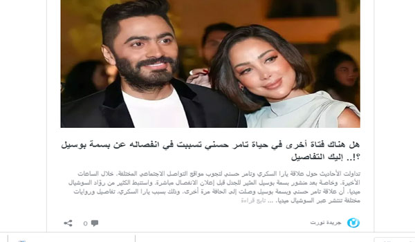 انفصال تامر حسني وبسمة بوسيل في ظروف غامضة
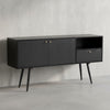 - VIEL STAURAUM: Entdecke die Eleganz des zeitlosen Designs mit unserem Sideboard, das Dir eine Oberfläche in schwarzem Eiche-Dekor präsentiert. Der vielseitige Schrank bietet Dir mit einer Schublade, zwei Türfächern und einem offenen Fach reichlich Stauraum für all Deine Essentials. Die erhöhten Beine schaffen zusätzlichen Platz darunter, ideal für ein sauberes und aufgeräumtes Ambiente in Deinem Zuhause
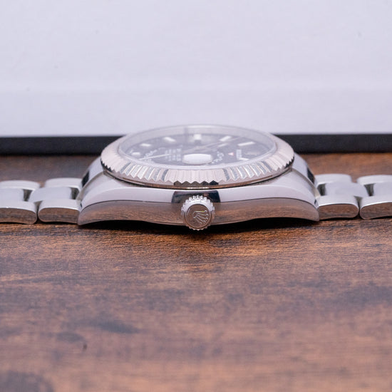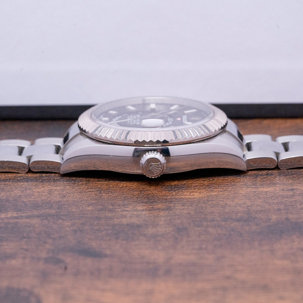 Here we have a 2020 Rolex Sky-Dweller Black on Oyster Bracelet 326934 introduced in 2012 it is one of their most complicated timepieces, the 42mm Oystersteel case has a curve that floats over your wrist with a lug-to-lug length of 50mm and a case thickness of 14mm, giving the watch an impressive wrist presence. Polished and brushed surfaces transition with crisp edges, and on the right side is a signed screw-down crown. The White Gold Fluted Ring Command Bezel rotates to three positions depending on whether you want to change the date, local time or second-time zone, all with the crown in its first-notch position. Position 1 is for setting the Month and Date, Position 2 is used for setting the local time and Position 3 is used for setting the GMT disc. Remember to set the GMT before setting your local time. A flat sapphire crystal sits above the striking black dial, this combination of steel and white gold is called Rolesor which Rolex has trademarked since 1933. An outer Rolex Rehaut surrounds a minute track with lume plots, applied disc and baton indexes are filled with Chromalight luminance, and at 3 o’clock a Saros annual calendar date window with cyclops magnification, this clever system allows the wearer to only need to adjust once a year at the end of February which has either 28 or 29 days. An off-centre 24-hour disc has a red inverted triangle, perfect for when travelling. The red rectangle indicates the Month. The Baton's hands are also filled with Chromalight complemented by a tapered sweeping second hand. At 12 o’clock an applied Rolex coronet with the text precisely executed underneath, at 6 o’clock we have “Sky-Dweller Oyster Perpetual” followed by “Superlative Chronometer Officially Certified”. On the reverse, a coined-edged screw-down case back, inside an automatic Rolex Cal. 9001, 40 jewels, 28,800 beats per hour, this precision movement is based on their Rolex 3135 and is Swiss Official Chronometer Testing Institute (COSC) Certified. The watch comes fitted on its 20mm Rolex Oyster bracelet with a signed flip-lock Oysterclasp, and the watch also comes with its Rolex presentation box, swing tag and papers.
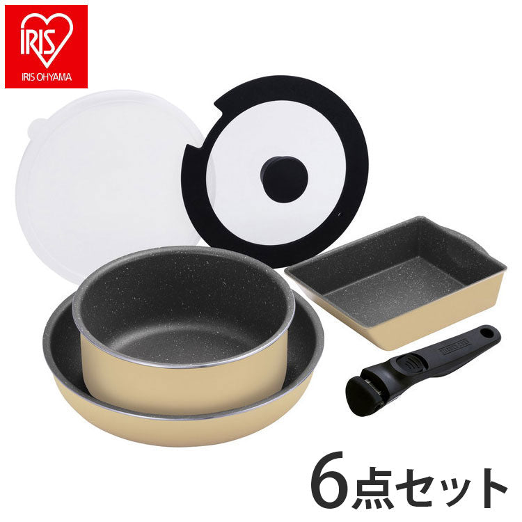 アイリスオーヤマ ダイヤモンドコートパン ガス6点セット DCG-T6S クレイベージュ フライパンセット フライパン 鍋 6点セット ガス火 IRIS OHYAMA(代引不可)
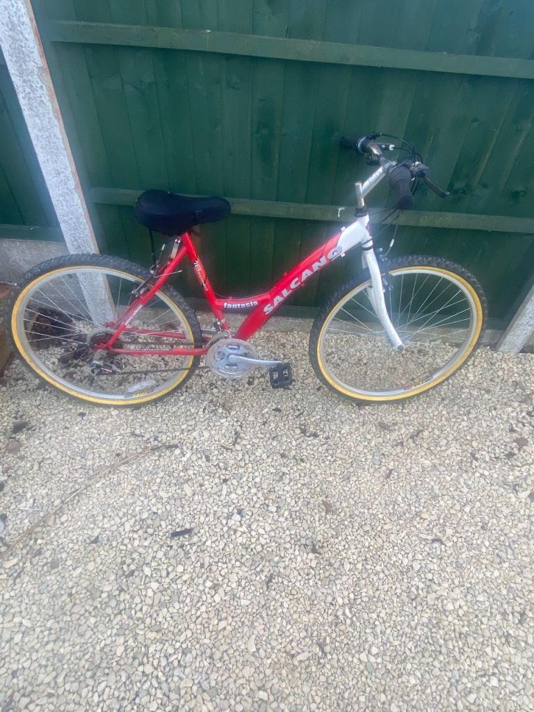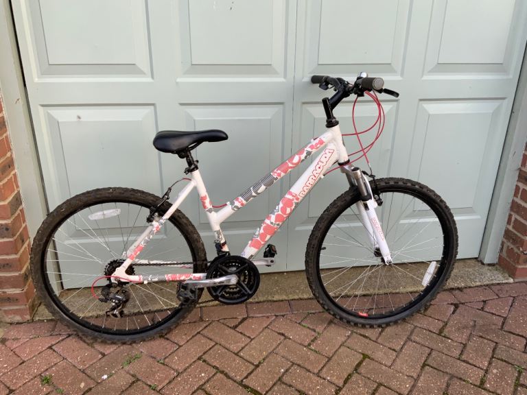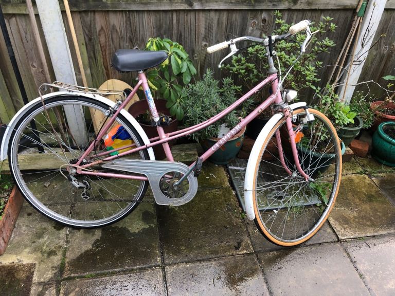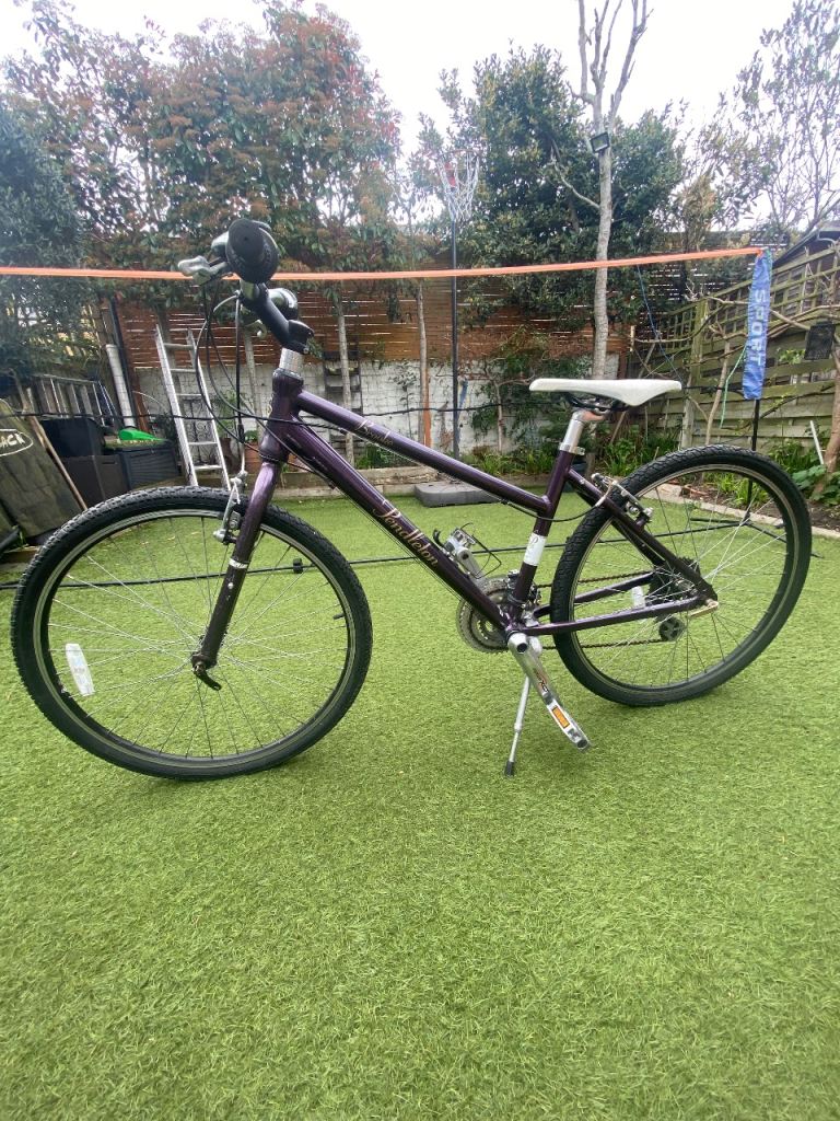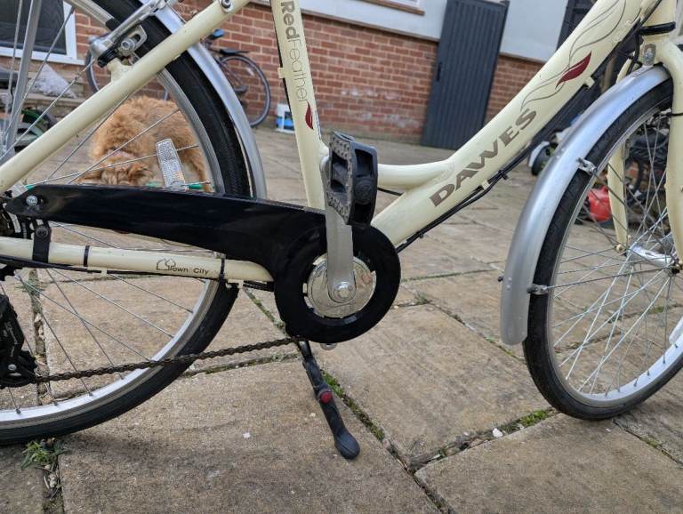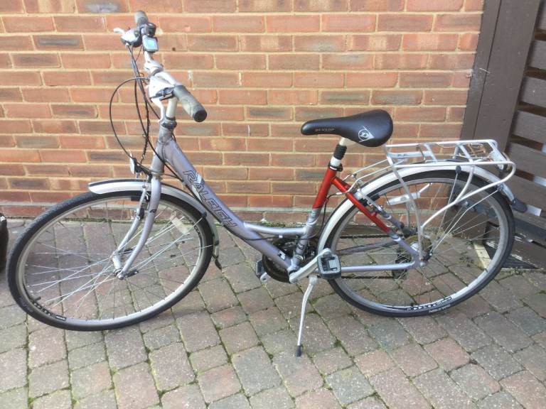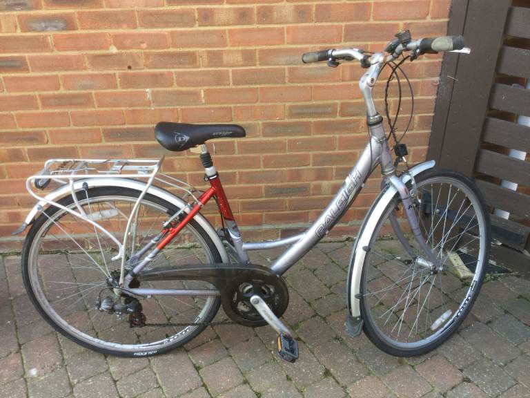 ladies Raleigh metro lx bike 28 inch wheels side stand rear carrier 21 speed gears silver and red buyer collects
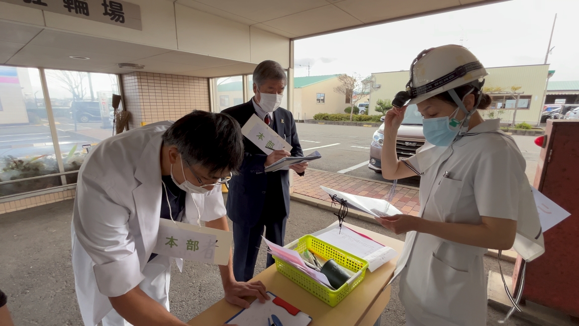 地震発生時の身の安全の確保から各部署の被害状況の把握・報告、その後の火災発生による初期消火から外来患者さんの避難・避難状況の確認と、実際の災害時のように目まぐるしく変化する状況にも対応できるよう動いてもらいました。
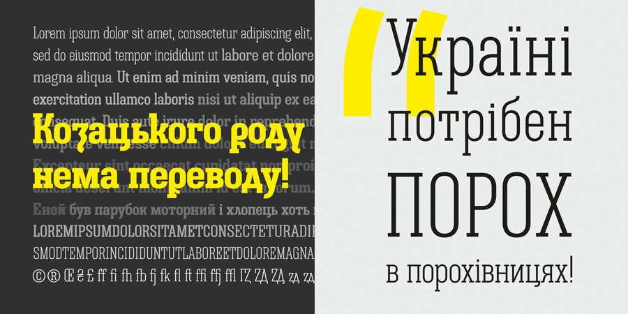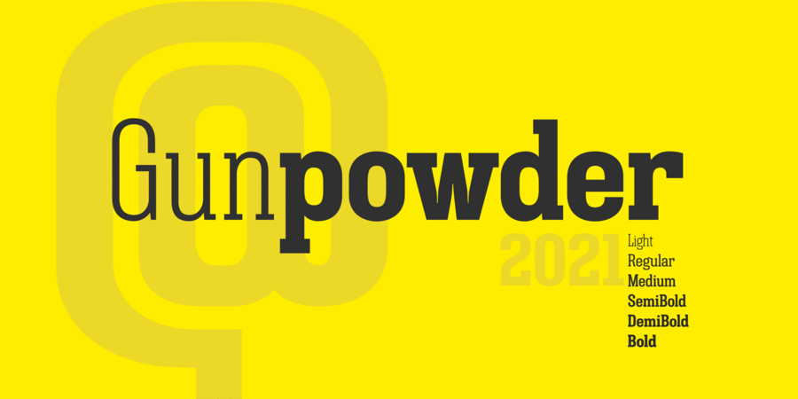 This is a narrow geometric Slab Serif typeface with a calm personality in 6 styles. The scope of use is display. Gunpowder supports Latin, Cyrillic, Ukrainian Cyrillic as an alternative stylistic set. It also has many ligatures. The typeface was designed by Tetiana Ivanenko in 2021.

* * * *

About this task: An exact copy of the records above is required, leaving out the pictures.

Result for this exercise:
 انفصال تامر حسني وبسمة بوسيل في ظروف غامضة
 - VIEL STAURAUM: Entdecke die Eleganz des zeitlosen Designs mit unserem Sideboard, das Dir eine Oberfläche in schwarzem Eiche-Dekor präsentiert. Der vielseitige Schrank bietet Dir mit einer Schublade, zwei Türfächern und einem offenen Fach reichlich Stauraum für all Deine Essentials. Die erhöhten Beine schaffen zusätzlichen Platz darunter, ideal für ein sauberes und aufgeräumtes Ambiente in Deinem Zuhause
 Here we have a 2020 Rolex Sky-Dweller Black on Oyster Bracelet 326934 introduced in 2012 it is one of their most complicated timepieces, the 42mm Oystersteel case has a curve that floats over your wrist with a lug-to-lug length of 50mm and a case thickness of 14mm, giving the watch an impressive wrist presence. Polished and brushed surfaces transition with crisp edges, and on the right side is a signed screw-down crown. The White Gold Fluted Ring Command Bezel rotates to three positions depending on whether you want to change the date, local time or second-time zone, all with the crown in its first-notch position. Position 1 is for setting the Month and Date, Position 2 is used for setting the local time and Position 3 is used for setting the GMT disc. Remember to set the GMT before setting your local time. A flat sapphire crystal sits above the striking black dial, this combination of steel and white gold is called Rolesor which Rolex has trademarked since 1933. An outer Rolex Rehaut surrounds a minute track with lume plots, applied disc and baton indexes are filled with Chromalight luminance, and at 3 o’clock a Saros annual calendar date window with cyclops magnification, this clever system allows the wearer to only need to adjust once a year at the end of February which has either 28 or 29 days. An off-centre 24-hour disc has a red inverted triangle, perfect for when travelling. The red rectangle indicates the Month. The Baton's hands are also filled with Chromalight complemented by a tapered sweeping second hand. At 12 o’clock an applied Rolex coronet with the text precisely executed underneath, at 6 o’clock we have “Sky-Dweller Oyster Perpetual” followed by “Superlative Chronometer Officially Certified”. On the reverse, a coined-edged screw-down case back, inside an automatic Rolex Cal. 9001, 40 jewels, 28,800 beats per hour, this precision movement is based on their Rolex 3135 and is Swiss Official Chronometer Testing Institute (COSC) Certified. The watch comes fitted on its 20mm Rolex Oyster bracelet with a signed flip-lock Oysterclasp, and the watch also comes with its Rolex presentation box, swing tag and papers.
 アイリスオーヤマ ダイヤモンドコートパン ガス6点セット DCG-T6S クレイベージュ フライパンセット フライパン 鍋 6点セット ガス火 IRIS OHYAMA(代引不可)
 ladies Raleigh metro lx bike 28 inch wheels side stand rear carrier 21 speed gears silver and red buyer collects
 地震発生時の身の安全の確保から各部署の被害状況の把握・報告、その後の火災発生による初期消火から外来患者さんの避難・避難状況の確認と、実際の災害時のように目まぐるしく変化する状況にも対応できるよう動いてもらいました。
 This is a narrow geometric Slab Serif typeface with a calm personality in 6 styles. The scope of use is display. Gunpowder supports Latin, Cyrillic, Ukrainian Cyrillic as an alternative stylistic set. It also has many ligatures. The typeface was designed by Tetiana Ivanenko in 2021.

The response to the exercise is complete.